Théories sur le personnage

Dans sa pensée, n'oublions pas que le sage reste en retrait, comme debout dans la pénombre. En suivant cette logique, on serait en droit d'estimer que, il aurait pu changer de nom à plusieurs reprises, dans l'objectif délibéré de jeter une confusion permanente sur son existence. Selon l'endroit où il se trouvait, il pouvait y être connu sous un ou plusieurs noms différents. Ce qui, actuellement, évidemment, met un voile d'obscurité sur l'historicité du personnage, les sources citant diversesappellations pour, certainement sans le savoir, la même personne. L'usage de plusieurs noms pour une même personne, en Chine, étant à l'époque une pratique généralisée et même respectant les traditions. Il y a le nom à l'apparition, le prénom social, le «Hao», l'interdiction d'appeler un aîné par son prénom à l'apparition. L'introduction de particule devant le nom, par exemple, si quelqu'un semble être plus âgé que quarante ans, on doit placer «Lao» soit devant le nom de famille, soit devant le prénom social ou encore le «Hao». En admettant que le prénom social de Lao Tseu soit Dan, et qu'il semblait à l'époque avoir plus de quarante ans, on devrait par conséquent dire «Lao Dan», et il pourrait s'agir du même personnage dont le nom personnel, qui à cause de son âge devenu tabou, soit effectivement Li Er, et les noms «Laolaizi» et «Lao Zi» (possiblement un diminutif de Laolaizi) aurait pu être le nom que lui affublaient ses disciples directs. Comme prononcer le nom personnel d'un aîné était tabou, on peut convenir ignorer comment le nom Li Er est venu aux «oreilles» de Sima Qian.

Le paradoxe de Lao Tseu

En effet, soit réel ou fictif, le personnage Lao Tseu a réellement existé, même s'il n'a pas existé réellement sous nom ou sous un nom d'emprunt comme c'était d'usage à l'époque. Puisque c'est certainement un nom en lien avec un personnage de légende, ayant eu cours au temps de Printemps et Automnes que le personnage ayant inspiré le pseudonyme a existé ou non, n'a que peu d'importance. En effet, si le personnage n'a pas existé, mais que l'œuvre qui lui est attribuée existe bien, alors on se retrouve en plein paradoxe. Premièrement, il est envisageable qu'il ait écrit l'œuvre lui-même (Lao Tseu). Deuxièment, il est envisageable que le Daodejing ait été écrit à titre posthume par un disciple direct. Troisièmement, l'auteur voulant valoriser son œuvre décide de prendre un pseudonyme en lien avec un personnage dont la sagesse faisait autorité.
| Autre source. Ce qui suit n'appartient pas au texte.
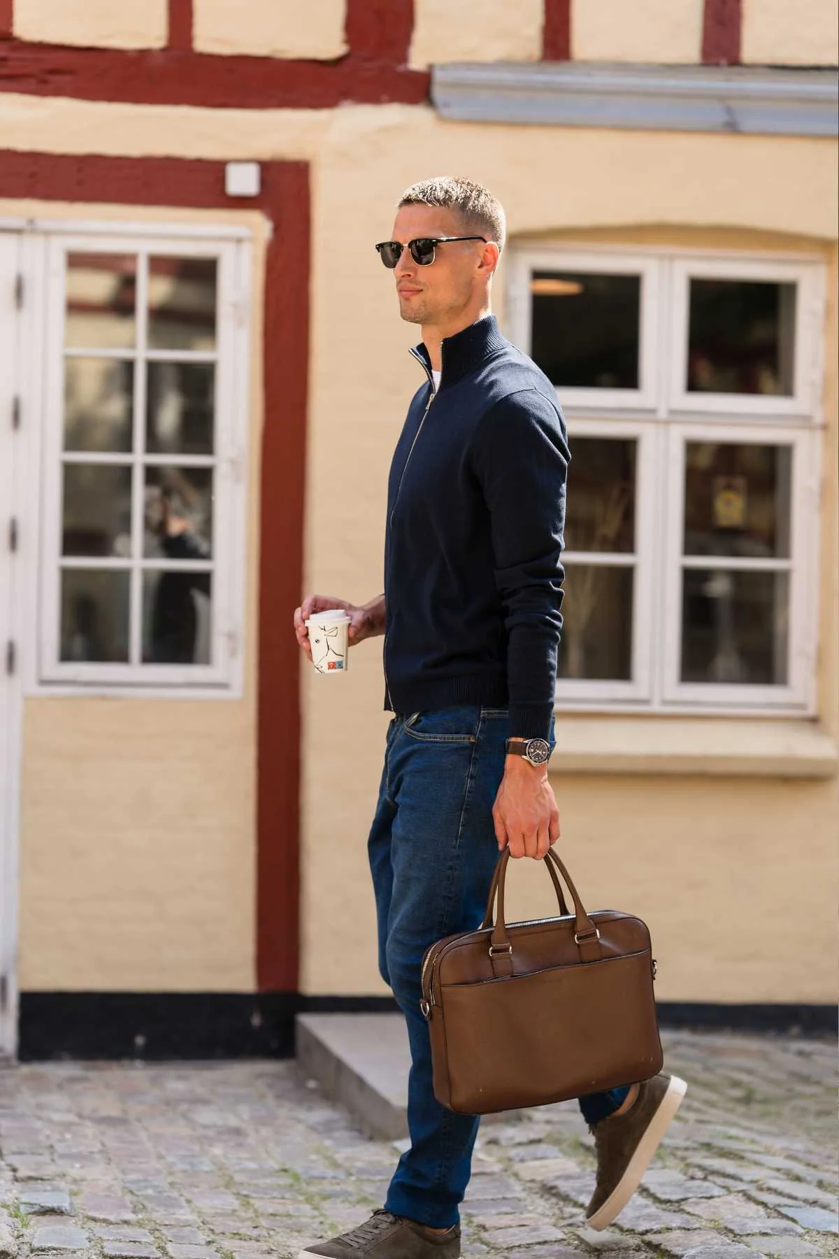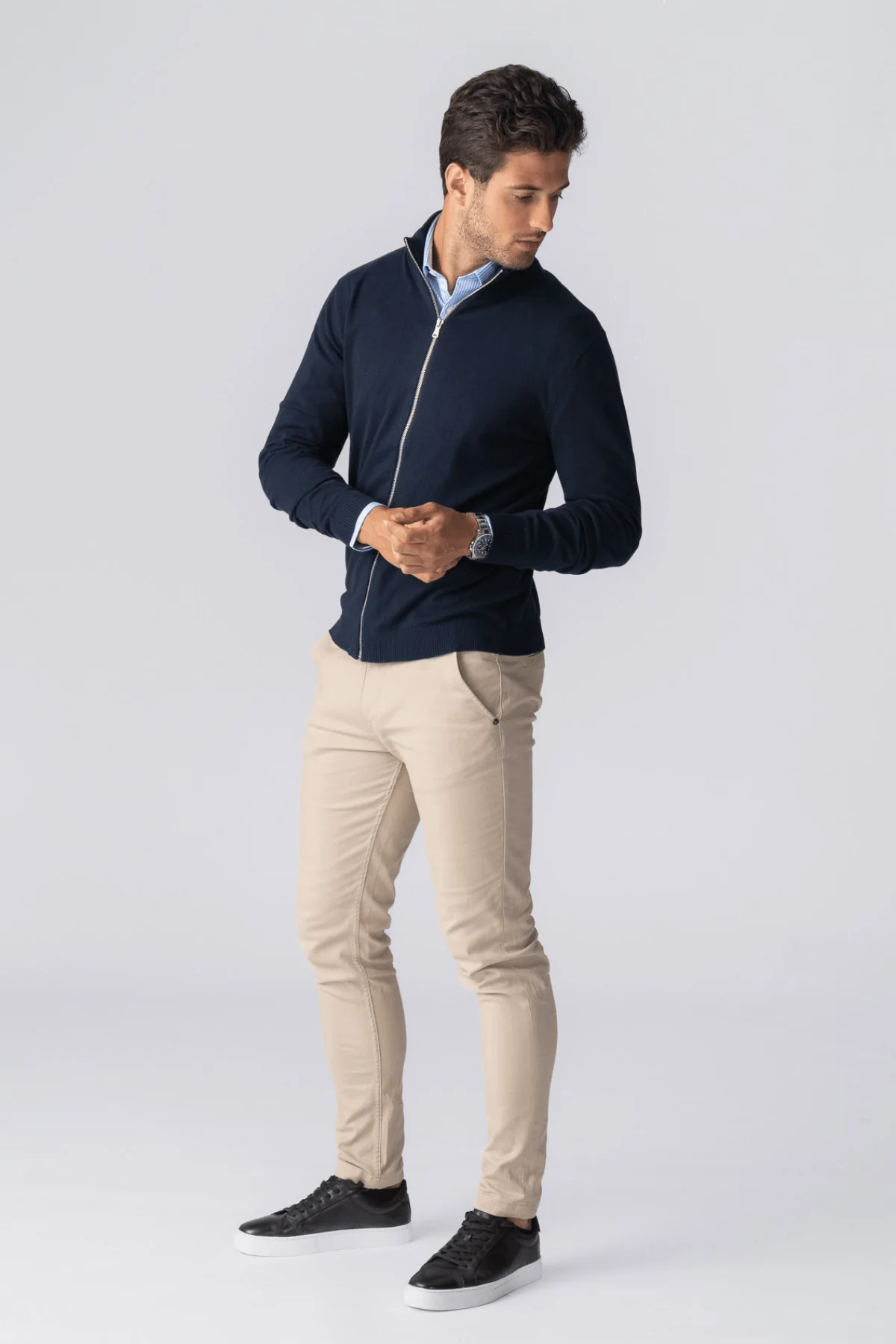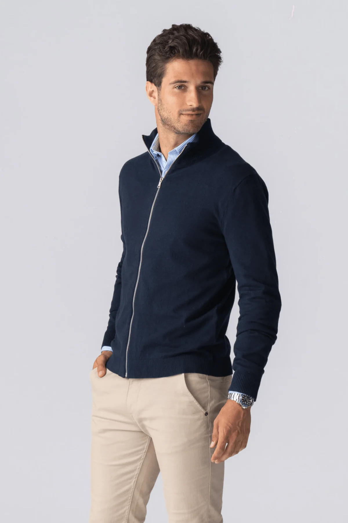 Te presentamos nuestra chaqueta de punto con cremallera en azul marino, diseñada para redefinir tus básicos de armario con una mezcla perfecta de estilo y funcionalidad. Confeccionado exclusivamente para hombre, este cárdigan encarna la sofisticación y la comodidad, convirtiéndolo en un artículo imprescindible para todo caballero.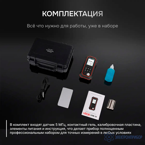 № Наименование Количество 1 Толщиномер RGK UTM-10 1 2 Батарея 1,5 В, AA 3 3 Контактный гель 1 4 Датчик (5 MHz ∅ 10) 1 5 Жесткий кейс 1 6 Руководство по эксплуатации 1 -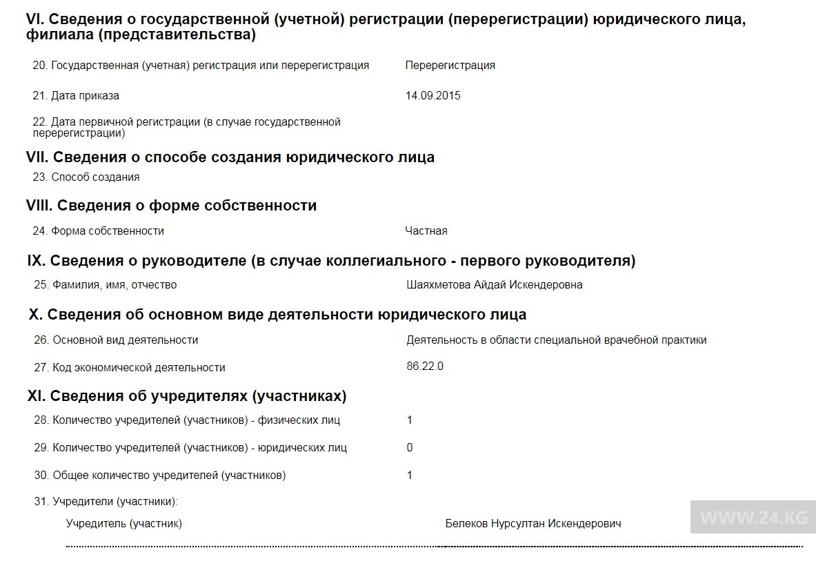 Согласно данным Минюста, станцией скорой помощи «Медикал Сервис» по документам руководит Айдай Шаяхметова — дочь Искендера Шаяхметова, учредителем числится Нурсултан Белеков. Это сын главы ЦЭМ Бишкека.«Затем подстанцию переселили в ЦСМ № 5, а на то место, где сейчас «Медикал Сервис», въехал городской Центр СПИД. В 2008 году в связи с расширением и увеличением коллектива Центра СПИД, мы переехали на Токтогула, 61. Вот это помещение, о котором идет речь сегодня, на конкурсной основе клиника сдала в аренду. Конкурс проводило управление муниципального имущества. Частная скорая помощь существует там с 2005 года и занимает три комнаты. Она появилась там не вчера», — поясняет он.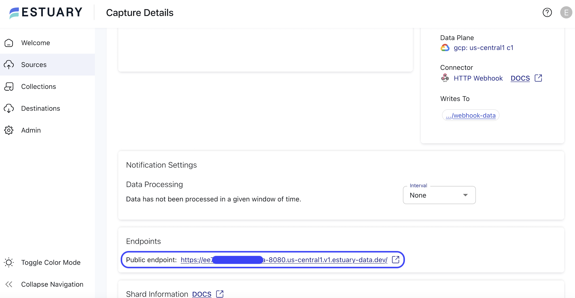 On the Capture Details page, scroll down to the Endpoints section. The listed link will be the base URL for your webhook. This should be something like https://abc123-8080.us-central1.v1.estuary-data.dev.

Dans cette troisième alternative, on est renvoyé à la notion même de paradoxe. Puisque, l'auteur (anonyme) a pris le pseudonyme du sage reclus, et ce même s'il n'a pas vécu, ayant pris son nom, il devient par conséquent faux de dire qu'il n'a pas vécu. Quatrièmement, il est envisageable qu'il ait écrit l'œuvre lui-même et que, dans une époque où les auteurs ne signaient pas leurs œuvres de leurs propres noms, il l'aie fait dans l'objectif de jeter un doute dans l'esprit des générations futures. Cette quatrième hypothèse, nous ramène toujours à la notion de paradoxe. Dans la mesure où, il signe son propre nom, dans l'objectif qu'on anticipe qu'il n'est pas l'auteur, quoiqu'il soit l'auteur. Enfin, dans le Daodejing, le concept de paradoxe revient souvent, alors on ne doit pas se surprendre de nager en plein paradoxe.

Signification du nom

Le sens du nom Lao est débattu : l'interprétation littérale de «vieux» ou «ancien», évoquant la sagesse, est tentante. Certains prennent le suffixe zi au sens littéral d'«enfant» et en font «le vieil enfant», appellation mystique ou symbolique, d'autres estiment que ce surnom lui vient du fait qu'il serait né avec des cheveux blancs ou que sa mère l'aurait eu sur le tard. D'autres toujours estiment qu'il s'agit tout simplement de son nom de famille, l'existence de familles Lao à l'époque des Royaumes combattants étant attestée.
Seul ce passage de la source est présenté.